Pre-approval application for spinal cord stimulator – was it reasonable and in consequence of a work injury?
Georgoudis v Return to Work SA  SAET 105
In a decision delivered 9 August 2022 His Honour Deputy President Judge Crawley considered whether the insertion of a spinal cord stimulator was reasonable and in consequence of a work injury.
On 10 October 2017 Mr Georgoudis suffered a fall at work injuring various body parts including his coccyx, suffered left sided radiculopathy and a mild L5 disc protrusion.
He made an application pursuant to Section 33(17) of the Act for the insertion of the spinal cord stimulator. That application was rejected by the Corporation on the basis it was not reasonably necessary either at all or in consequence of a work injury.
In that case Dr Simon Sandler gave evidence that a spinal cord stimulator may be a viable option and might be used for improving chronic pain symptoms. Dr Osti gave evidence that a surgically implanted neuro-stimulator would have a realistic probability of helping both the back and leg pains. Professor Nigel Jones also gave evidence and explained that the indications for a spinal cord stimulator were tenuous and that there was insufficient clinical evidence to support the use of a spinal cord stimulator.
His Honour DPJ Crawley referred to Banjanovic and quoted the following passage:-
“…the reasonableness of the action of the working incurring the liability must be determined having regard to all the circumstances of the case. Although the test of reasonableness is essentially an object, a subjective element is involved. In deciding the reasonableness of his actions, the worker must be accepted as he is. What is to be determined is the reasonableness of the actions of particular worker having regard to his temperament, personal background, means of knowledge and professional advice.
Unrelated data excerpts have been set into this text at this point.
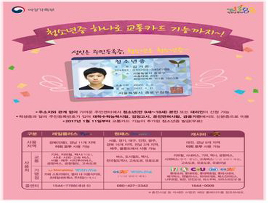 ÀÌ´Â ¿©¼º°¡Á·ºÎ°¡ û¼Ò³âµé ¿ä±¸¸¦ ¹Ý¿µÇØ ½Ç»ýȰ¿¡¼ Æí¸®Çϰí À¯¿ëÇÏ°Ô »ç¿ëµÉ ¼ö ÀÖµµ·Ï ±³ÅëÄ«µå ¹× ¼±ºÒ°áÁ¦ ±â´ÉÀÌ Ãß°¡µÈ ¹«·á ¹ß±Þ Ä«µå·Î °¡±î¿î Áֹμ¾ÅÍ¿¡¼ û¼Ò³â º»ÀÎ ¶Ç´Â ´ë¸®ÀÎ ½Åû °¡´ÉÇÏ¸ç ´ëÇмöÇдɷ½ÃÇè, °ËÁ¤°í½Ã, ¿îÀü¸éÇã½ÃÇè, ±ÝÀ¶±â°ü¿¡¼ ½ÅºÐÁõÀ¸·Î »ç¿ëÇÒ ¼ö ÀÖ´Ù.
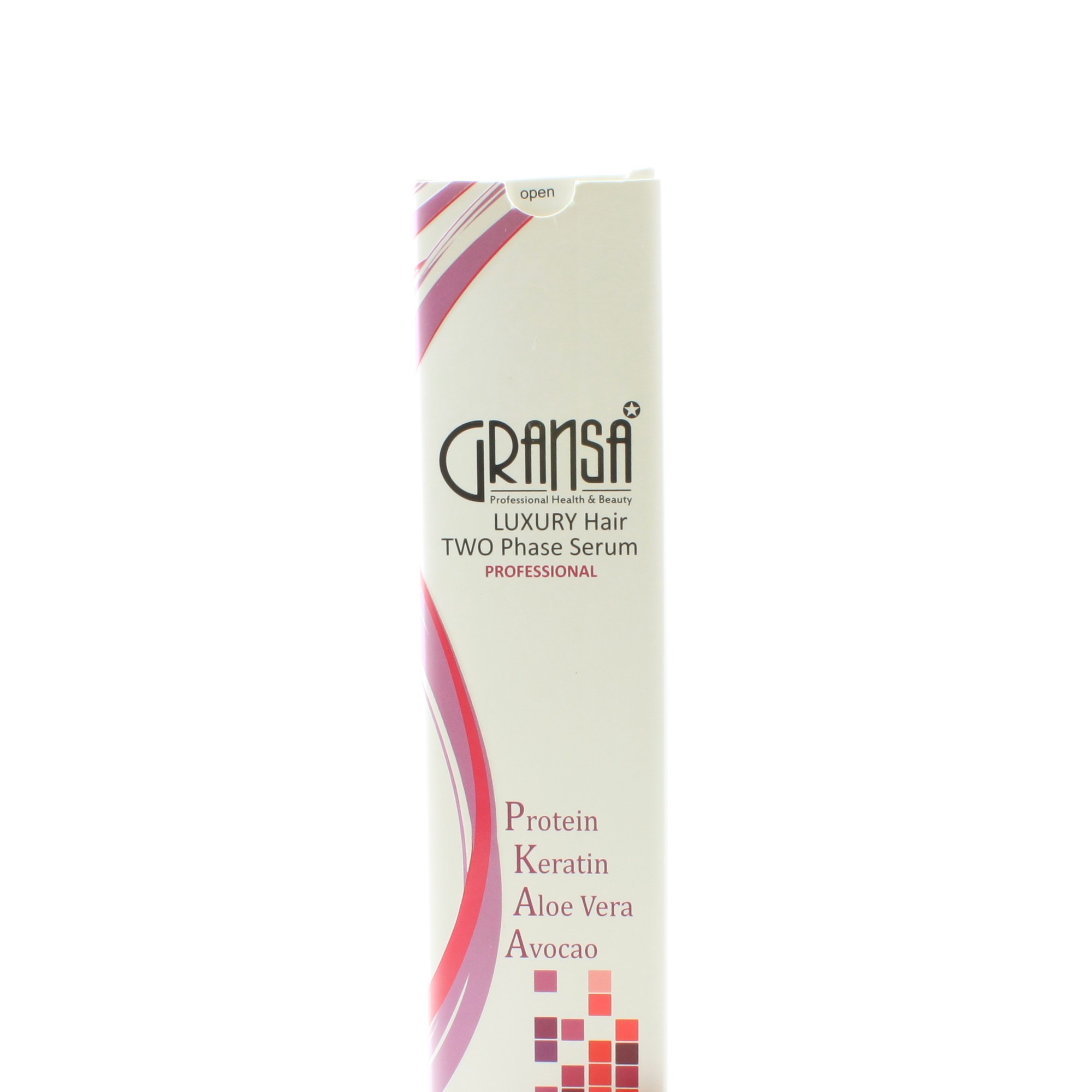 سرم دو فاز گرانسا بهترین سرم برای حالت دادن مو به موهای آسیب دیده و رنگ شده است. این سرم را قبل از سشوار و یا اتو استفاده کنید. کراتین بکار رفته در این سرم از موهای شما در مقابل حرارت محافظت میکند و خشمی و ایجاد موخوره را درمان می کند . پروتئین و ویتامین ب موجود در این محصول باعث تقویت و ترمیم موهای آسیب دیده می شود . جوانه گندم و عصاره آلوئه ورا و آووکادو در این سرم لطافت ، نرمی و درخشش به موهای شما می بخشد . فاز اول این سرم باعث ترمیم و تغذیه لایه خارجی و افزایش حالت پذیری مو می شود . فاز دوم سرم گرانسا قسمت های عمیق مو که در اثر رنگ ، دکلره و ... آسیب دیده است را ترمیم کرده و از ایجاد الکتریسیته ساکن بین تارهای مو جلوگیری می کند .
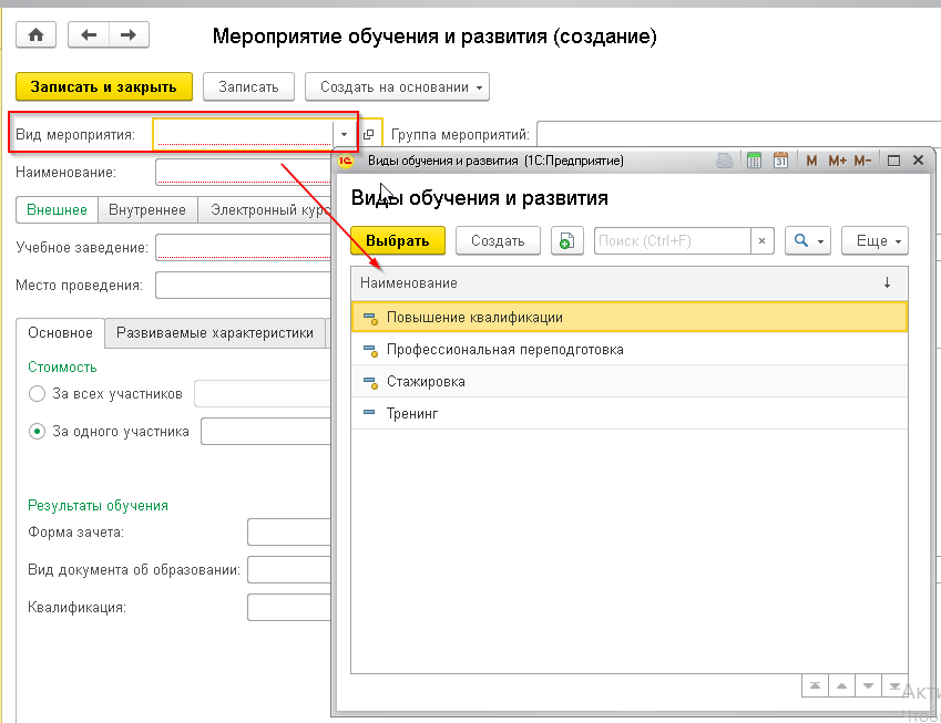 В открытой форме выберите вид мероприятия (при необходимости создайте необходимый вид с помощью кнопки «Создать») из справочника «Виды обучения и развития» (рис.20). Пропишите наименование мероприятия в соответствующем поле.
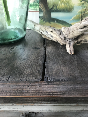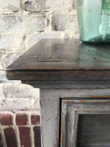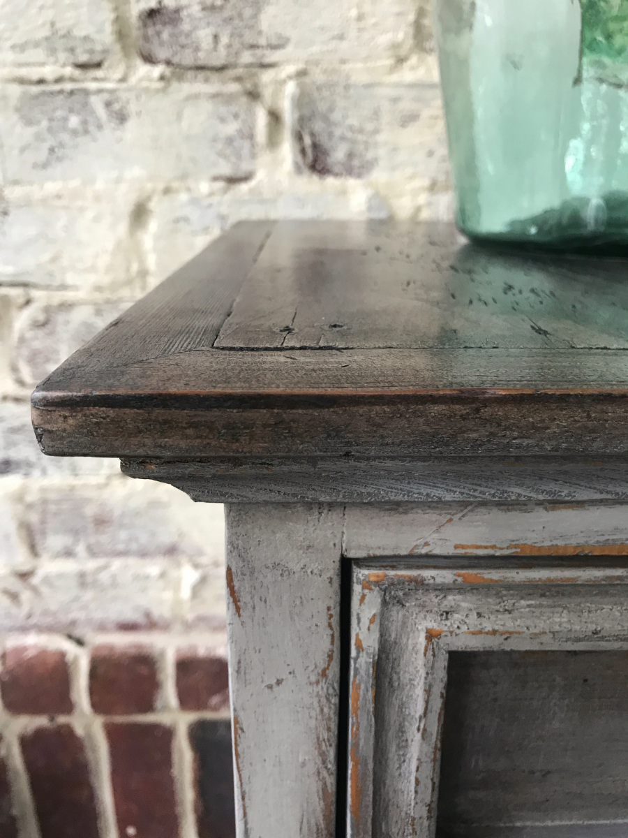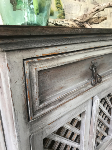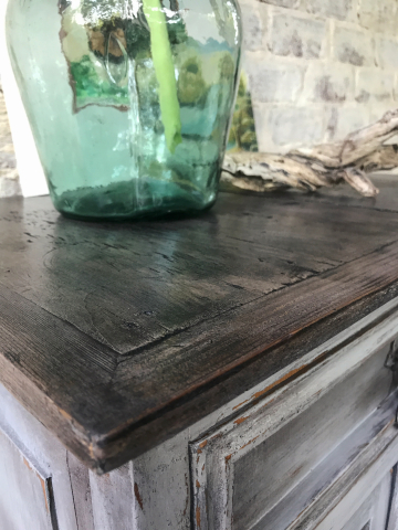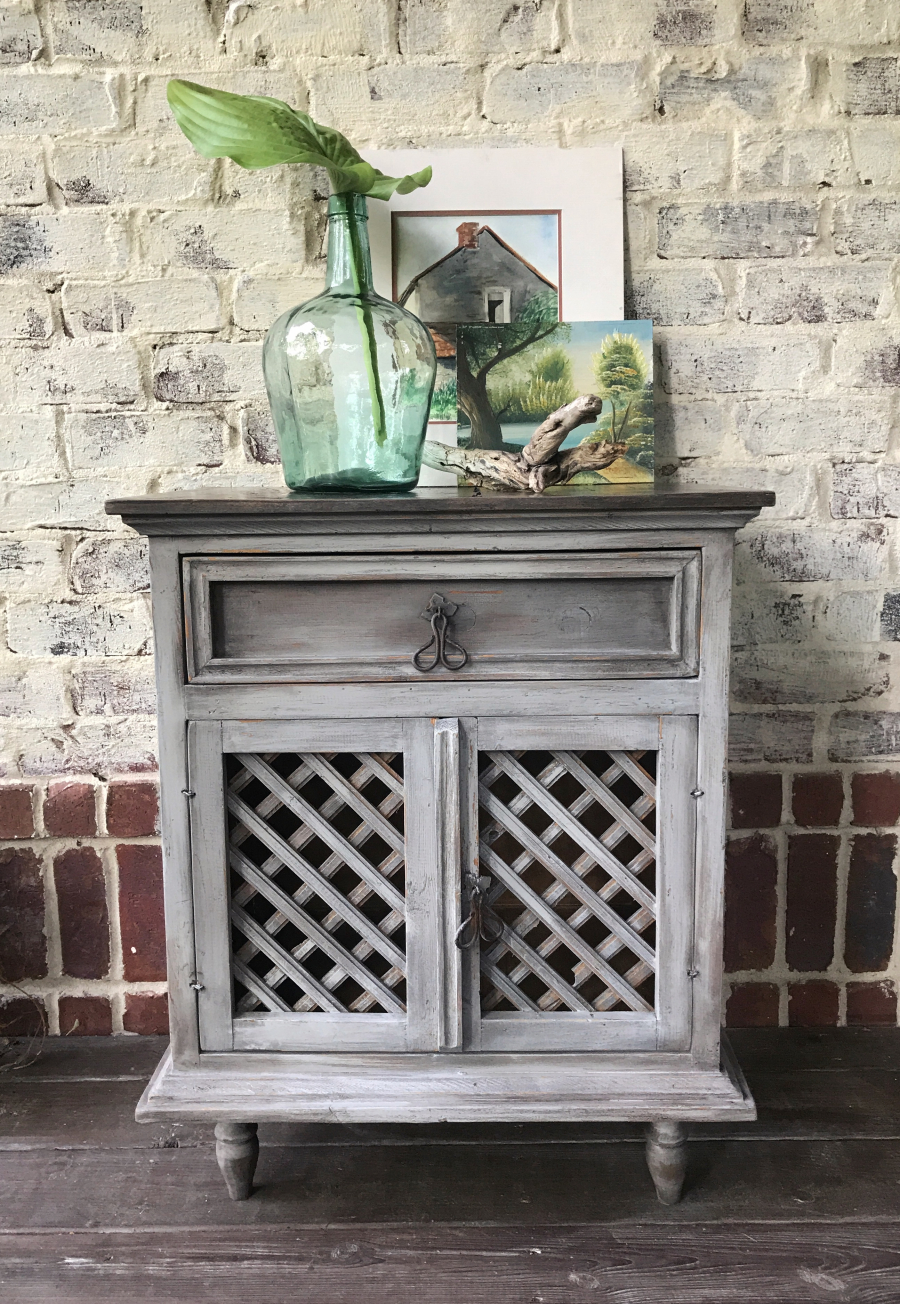 I love the simplicity and rustic style of Mexican furniture. When I stumbled on this nightstand in a thrift shop I was smitten. I especially loved the crack in the top. I knew it needed a rustic finish to complement the style. After adding some feet to bring the height up a bit, I used shades of grey from Dixie Belle paint to create highlights and shadowing. I further enhanced the effect with dark wax. The top was sanded bare and stained using a combination of watered down paint and black wax.Â

The worker is not obliged to elect the cheapest available treatment or the most confession. He must be allowed reasonable freedom of choice. Generally speaking, a worker who acts upon apparently reputable medical advice will be regarded as acting reasonably even though the advice turns out to be incompetent. But a worker who obstinately insists on undergoing diagnostic tests or unconventional treatment contrary to advice, or who opt for unnecessarily expensive method of obtaining diagnosis and treatment, is likely to be judged to have acted unreasonably. Each case must be decided upon his own circumstances and the test is the reasonableness of action particular worker incurring the expense in the circumstances”
In that case the Tribunal held that the service was supported by reputable expert advice, the subjective circumstances of the worker were relevant (but not decisive), and that the worker should be permitted a reasonable freedom of choice.
As the treatment was supported by two reputable experts the Tribunal found the cost of the service incurred by the Applicant was reasonable and in consequence of a work injury.